Postit

 BBS: Inland Empire Archive
Date: 10-31-92 (10:31)             Number: 400
From: JAMES VAHN                   Refer#: 399
  To: PETER BARNEY                  Recvd: NO  
Subj: Postit                         Conf: (2) Quik_Bas
JV>  Don't run this, but look at it:
JV>  out 112,20 : out 113,0
JV>  Can you tell what it does by looking at it?

PB>  Ok, I'll bite.  WHAT does that do?

Nothing. At first.  :-)
And nothing at all if you don't have an AT.

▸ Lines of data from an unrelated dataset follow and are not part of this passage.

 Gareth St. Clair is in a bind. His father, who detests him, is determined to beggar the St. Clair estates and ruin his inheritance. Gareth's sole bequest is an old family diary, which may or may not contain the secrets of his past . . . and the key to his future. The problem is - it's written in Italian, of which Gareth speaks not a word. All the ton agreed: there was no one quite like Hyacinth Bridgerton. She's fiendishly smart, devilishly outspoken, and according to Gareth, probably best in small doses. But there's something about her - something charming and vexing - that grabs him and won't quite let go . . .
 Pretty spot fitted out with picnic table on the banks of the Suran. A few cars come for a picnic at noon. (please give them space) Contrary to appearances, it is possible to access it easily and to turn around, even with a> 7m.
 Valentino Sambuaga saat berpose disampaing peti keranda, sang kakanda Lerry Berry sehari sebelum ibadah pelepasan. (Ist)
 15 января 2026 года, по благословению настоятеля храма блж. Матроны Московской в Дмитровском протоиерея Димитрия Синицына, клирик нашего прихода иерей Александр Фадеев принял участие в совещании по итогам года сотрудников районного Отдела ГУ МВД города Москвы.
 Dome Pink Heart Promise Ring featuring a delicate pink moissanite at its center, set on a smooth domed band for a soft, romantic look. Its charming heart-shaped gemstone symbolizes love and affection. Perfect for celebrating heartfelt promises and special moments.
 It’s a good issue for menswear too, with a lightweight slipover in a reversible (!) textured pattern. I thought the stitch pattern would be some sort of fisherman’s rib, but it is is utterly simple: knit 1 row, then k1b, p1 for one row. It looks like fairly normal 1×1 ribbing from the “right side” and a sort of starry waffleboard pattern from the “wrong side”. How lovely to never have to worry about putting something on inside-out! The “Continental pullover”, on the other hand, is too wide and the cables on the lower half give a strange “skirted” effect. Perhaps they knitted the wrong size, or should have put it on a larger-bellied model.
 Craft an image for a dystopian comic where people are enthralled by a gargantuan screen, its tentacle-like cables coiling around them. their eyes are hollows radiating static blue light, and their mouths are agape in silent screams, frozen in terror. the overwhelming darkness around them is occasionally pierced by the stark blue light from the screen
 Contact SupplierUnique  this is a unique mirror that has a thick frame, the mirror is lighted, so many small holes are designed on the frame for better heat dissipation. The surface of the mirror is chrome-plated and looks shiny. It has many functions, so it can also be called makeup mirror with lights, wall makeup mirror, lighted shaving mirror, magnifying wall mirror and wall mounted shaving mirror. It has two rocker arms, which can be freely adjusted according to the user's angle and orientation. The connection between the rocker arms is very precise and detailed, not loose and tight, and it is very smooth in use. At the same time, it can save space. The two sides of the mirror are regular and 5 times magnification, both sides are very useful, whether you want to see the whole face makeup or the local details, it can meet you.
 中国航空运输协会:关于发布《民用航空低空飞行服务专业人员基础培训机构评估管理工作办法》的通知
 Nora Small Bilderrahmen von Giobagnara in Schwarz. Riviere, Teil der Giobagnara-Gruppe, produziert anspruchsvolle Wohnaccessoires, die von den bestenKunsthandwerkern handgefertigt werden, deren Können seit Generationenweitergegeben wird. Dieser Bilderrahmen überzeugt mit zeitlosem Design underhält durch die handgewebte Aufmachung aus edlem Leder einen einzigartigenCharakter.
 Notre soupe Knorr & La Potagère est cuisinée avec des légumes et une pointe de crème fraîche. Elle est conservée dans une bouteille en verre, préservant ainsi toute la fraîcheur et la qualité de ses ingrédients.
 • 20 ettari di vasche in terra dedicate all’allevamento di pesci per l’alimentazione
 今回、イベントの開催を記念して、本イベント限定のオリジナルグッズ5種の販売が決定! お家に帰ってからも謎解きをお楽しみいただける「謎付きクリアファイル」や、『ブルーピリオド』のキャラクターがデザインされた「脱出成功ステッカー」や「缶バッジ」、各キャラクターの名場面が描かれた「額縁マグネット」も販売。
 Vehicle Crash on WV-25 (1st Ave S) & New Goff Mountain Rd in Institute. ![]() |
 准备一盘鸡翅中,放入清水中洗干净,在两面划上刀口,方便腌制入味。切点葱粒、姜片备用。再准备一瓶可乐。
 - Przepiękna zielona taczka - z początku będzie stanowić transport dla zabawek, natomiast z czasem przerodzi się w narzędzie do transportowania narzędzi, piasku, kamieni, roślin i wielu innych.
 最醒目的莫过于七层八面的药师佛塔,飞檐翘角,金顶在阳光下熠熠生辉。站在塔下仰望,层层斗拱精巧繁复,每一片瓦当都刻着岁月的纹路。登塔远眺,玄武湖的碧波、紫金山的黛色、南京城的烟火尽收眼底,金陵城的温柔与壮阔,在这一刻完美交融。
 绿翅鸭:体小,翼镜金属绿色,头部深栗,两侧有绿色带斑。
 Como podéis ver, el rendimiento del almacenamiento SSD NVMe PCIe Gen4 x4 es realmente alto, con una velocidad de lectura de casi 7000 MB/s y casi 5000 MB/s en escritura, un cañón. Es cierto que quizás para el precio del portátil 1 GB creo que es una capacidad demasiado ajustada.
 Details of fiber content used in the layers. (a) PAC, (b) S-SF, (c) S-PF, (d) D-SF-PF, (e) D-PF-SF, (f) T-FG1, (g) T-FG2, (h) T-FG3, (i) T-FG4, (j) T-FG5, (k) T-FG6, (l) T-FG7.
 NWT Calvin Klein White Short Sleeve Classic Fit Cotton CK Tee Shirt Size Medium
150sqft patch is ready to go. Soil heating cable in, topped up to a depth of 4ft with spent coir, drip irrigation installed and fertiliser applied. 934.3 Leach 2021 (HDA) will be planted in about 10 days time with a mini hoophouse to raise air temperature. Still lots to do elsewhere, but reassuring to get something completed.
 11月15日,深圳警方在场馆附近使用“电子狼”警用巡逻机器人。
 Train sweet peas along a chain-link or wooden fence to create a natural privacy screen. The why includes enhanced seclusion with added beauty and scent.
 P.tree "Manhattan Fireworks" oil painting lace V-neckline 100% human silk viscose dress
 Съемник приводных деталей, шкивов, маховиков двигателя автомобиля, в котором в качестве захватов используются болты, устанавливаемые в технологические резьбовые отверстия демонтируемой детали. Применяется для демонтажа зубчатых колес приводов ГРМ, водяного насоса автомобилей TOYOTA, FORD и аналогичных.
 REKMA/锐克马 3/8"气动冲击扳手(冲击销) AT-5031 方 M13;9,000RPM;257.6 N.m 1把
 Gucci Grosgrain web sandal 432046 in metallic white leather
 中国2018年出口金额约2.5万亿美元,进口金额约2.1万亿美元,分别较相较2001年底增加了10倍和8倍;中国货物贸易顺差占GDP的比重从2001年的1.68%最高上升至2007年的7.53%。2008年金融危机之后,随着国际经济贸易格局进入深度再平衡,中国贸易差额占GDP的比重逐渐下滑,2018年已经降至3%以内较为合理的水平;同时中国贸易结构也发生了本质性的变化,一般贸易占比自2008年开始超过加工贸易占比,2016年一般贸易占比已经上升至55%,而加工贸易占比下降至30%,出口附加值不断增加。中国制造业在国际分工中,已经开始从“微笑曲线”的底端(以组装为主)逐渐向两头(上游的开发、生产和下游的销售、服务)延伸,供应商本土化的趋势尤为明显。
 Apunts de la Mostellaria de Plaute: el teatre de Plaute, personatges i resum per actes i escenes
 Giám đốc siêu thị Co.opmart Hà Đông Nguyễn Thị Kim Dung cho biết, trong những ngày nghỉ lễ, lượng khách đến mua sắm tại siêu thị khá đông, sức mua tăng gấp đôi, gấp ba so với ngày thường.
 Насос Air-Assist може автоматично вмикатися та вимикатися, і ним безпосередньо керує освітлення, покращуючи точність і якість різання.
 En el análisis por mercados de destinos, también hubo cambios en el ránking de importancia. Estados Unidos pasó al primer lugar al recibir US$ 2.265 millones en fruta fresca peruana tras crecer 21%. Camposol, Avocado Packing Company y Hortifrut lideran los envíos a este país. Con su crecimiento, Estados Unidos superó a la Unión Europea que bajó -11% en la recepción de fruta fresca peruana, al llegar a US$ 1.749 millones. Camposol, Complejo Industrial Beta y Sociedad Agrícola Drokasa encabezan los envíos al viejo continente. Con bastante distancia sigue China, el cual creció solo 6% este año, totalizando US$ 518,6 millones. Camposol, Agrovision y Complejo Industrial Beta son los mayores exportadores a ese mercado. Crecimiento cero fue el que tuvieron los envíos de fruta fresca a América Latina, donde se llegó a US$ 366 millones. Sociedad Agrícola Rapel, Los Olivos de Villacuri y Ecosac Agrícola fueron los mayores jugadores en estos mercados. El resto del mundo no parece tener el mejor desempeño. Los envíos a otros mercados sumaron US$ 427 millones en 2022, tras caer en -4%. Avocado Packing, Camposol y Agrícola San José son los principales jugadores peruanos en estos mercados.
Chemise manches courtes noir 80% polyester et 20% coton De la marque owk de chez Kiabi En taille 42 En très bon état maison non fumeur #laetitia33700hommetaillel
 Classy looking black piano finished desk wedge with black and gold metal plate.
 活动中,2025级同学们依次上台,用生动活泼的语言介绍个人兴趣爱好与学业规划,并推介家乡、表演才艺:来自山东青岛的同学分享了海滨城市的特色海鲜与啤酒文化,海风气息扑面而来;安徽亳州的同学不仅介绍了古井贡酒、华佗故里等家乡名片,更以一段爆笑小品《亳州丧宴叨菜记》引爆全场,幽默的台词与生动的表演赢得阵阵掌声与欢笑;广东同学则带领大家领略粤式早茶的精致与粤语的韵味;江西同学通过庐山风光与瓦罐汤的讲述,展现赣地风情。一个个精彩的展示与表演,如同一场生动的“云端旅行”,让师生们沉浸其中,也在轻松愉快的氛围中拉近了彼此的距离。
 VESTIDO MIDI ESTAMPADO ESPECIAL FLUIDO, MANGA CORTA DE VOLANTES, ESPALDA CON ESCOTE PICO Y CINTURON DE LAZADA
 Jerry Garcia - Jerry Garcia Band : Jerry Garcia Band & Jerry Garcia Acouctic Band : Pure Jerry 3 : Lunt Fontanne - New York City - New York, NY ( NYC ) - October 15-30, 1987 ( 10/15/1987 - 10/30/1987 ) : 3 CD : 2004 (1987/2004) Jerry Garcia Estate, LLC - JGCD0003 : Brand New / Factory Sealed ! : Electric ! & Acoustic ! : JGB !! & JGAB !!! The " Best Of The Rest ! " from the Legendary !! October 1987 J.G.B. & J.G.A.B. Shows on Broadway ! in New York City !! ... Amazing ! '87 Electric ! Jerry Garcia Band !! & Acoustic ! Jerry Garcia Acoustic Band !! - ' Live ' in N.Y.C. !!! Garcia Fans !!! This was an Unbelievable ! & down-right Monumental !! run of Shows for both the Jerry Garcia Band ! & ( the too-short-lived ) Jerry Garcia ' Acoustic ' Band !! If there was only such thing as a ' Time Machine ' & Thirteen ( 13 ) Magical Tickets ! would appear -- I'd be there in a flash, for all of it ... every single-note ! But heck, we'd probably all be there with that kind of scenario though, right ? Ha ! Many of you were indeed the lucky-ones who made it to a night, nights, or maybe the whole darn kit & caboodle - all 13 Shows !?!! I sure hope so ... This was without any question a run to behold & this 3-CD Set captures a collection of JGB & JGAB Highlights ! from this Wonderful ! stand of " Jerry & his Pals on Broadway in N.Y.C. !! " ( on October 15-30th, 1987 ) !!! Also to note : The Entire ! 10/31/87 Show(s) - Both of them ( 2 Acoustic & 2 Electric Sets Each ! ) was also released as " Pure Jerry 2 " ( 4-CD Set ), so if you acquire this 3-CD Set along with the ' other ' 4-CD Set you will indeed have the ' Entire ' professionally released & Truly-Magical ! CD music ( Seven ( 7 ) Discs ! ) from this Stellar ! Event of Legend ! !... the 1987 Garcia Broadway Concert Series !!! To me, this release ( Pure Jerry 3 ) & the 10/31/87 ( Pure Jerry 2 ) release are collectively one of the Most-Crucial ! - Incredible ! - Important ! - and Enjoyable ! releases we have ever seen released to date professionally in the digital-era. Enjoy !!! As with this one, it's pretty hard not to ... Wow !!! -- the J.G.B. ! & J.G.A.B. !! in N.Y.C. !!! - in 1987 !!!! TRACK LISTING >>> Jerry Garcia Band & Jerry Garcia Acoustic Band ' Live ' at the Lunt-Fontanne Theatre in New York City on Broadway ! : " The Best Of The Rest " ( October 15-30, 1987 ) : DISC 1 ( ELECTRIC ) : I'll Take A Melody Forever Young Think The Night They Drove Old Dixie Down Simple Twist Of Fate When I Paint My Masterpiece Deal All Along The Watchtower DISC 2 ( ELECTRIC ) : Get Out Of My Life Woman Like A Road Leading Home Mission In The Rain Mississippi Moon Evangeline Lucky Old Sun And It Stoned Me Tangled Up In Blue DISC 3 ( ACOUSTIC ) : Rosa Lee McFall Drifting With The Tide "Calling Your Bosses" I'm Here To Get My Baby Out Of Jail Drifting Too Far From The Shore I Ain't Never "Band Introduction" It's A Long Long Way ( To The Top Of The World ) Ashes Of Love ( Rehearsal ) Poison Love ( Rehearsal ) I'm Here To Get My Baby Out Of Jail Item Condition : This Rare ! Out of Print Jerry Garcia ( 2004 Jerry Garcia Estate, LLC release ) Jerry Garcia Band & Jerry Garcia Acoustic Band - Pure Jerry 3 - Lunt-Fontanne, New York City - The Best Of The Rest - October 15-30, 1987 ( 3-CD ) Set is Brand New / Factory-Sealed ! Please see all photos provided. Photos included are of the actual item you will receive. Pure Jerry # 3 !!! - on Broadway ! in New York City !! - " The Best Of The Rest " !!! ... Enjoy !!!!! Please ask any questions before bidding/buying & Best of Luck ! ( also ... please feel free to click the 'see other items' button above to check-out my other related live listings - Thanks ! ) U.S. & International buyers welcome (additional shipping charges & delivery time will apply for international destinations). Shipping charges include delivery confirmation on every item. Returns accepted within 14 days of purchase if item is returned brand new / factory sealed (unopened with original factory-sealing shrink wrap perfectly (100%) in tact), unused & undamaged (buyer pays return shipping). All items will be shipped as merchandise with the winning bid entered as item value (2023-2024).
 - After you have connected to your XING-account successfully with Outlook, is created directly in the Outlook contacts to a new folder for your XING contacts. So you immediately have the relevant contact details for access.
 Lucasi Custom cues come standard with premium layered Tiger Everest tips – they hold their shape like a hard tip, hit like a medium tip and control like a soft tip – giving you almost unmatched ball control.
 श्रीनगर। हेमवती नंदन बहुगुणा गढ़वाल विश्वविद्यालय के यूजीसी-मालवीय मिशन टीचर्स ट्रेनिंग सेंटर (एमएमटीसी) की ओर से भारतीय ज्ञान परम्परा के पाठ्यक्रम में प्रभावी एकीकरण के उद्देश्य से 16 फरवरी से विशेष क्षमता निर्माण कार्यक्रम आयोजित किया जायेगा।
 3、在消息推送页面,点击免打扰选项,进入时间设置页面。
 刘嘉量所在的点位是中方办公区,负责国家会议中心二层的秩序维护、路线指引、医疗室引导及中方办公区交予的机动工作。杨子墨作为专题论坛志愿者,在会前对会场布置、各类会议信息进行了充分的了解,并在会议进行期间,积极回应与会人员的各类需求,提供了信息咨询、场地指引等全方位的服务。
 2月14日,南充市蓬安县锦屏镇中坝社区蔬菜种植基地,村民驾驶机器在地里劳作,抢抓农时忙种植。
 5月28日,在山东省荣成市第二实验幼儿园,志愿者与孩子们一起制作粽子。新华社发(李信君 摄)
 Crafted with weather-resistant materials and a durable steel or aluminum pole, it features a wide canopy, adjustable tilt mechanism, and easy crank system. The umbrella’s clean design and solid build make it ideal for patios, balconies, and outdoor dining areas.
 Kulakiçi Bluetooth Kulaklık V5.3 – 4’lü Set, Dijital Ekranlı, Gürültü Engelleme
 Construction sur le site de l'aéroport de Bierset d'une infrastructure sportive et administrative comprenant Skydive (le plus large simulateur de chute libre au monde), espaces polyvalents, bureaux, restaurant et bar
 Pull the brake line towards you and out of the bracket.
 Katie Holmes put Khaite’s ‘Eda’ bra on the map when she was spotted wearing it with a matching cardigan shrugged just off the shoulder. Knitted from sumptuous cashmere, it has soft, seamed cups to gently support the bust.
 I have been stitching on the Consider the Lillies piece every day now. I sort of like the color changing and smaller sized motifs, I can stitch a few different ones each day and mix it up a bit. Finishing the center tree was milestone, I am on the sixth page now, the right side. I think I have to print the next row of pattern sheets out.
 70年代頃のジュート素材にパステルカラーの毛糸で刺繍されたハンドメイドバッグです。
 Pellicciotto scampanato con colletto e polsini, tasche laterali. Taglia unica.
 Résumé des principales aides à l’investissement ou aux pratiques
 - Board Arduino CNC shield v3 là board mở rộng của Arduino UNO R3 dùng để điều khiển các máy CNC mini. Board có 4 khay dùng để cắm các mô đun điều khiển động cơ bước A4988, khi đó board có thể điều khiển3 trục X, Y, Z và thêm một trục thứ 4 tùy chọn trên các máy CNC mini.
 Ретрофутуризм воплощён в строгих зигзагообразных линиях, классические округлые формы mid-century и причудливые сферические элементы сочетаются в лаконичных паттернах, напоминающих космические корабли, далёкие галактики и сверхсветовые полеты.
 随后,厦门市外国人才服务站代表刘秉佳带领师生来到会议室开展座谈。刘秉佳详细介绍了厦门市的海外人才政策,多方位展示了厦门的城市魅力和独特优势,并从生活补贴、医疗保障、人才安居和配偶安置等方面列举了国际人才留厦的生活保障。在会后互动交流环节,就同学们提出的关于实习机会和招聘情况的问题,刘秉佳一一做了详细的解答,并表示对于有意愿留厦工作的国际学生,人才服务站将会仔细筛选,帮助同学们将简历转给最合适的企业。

Here's the whole story for posterity:

This bomb puts a zero into the AT's CMOS equipment byte and destroys
the CMOS checksum.  You may also lose the drive type which could
foul some users up royally. Most DON'T KNOW which drive type they
have.  The computer will gag, quite possibly requiring a service
call.

If have an AT and are in a hurry to see what it does, hang this
on the end: OUT 100,254

But before you run it, make a boot disk then compile and run this
first:

' cmos2dsk.bas  James Vahn
OPEN "cmos.dat" FOR OUTPUT AS #1
FOR CMOS = &H0 TO &H3F
        OUT &H70, CMOS              ' Save CMOS values.
        Byte% = INP(&H71)
        PRINT #1, CHR$(Byte%);
NEXT : CLOSE

Now run that little bomb I posted...  If you didn't go with
Option B, hit the reset button.  OUT 100,254 will do that for
you if you have the standard AT keyboard. After all the fuss dies
down, fix the CMOS setup so you can boot from A: and insert that
bootable disk you made and run this after you've compiled and
saved it on A:

' cmos2ram.bas   James Vahn
OPEN "cmos.dat" FOR BINARY AS #1
DIM Byte AS STRING * 1
FOR CMOS = &H0 TO &H3F
        OUT &H70, CMOS        ' Restore CMOS values.
        GET #1, , Byte
        OUT &H71, ASC(Byte)
NEXT : CLOSE

Pull the disk and hit the reset.
These two programs can be useful when changing batteries, running
programs from the Quik_Bas echo <grin>, or just fooling with CMOS
configurations.  I just wish I could figure out how to access
XCMOS which SHOULD be contiguous to the CMOS data.
i.e.
FOR CMOS = &H0 TO &HFF
should work, but it doesn't. Not here anyway.

fun stuff, eh?  Cya!

 * SLMR 2.1a *

--- Maximus 2.00
 * Origin: Inland Empire Archive (1:346/10)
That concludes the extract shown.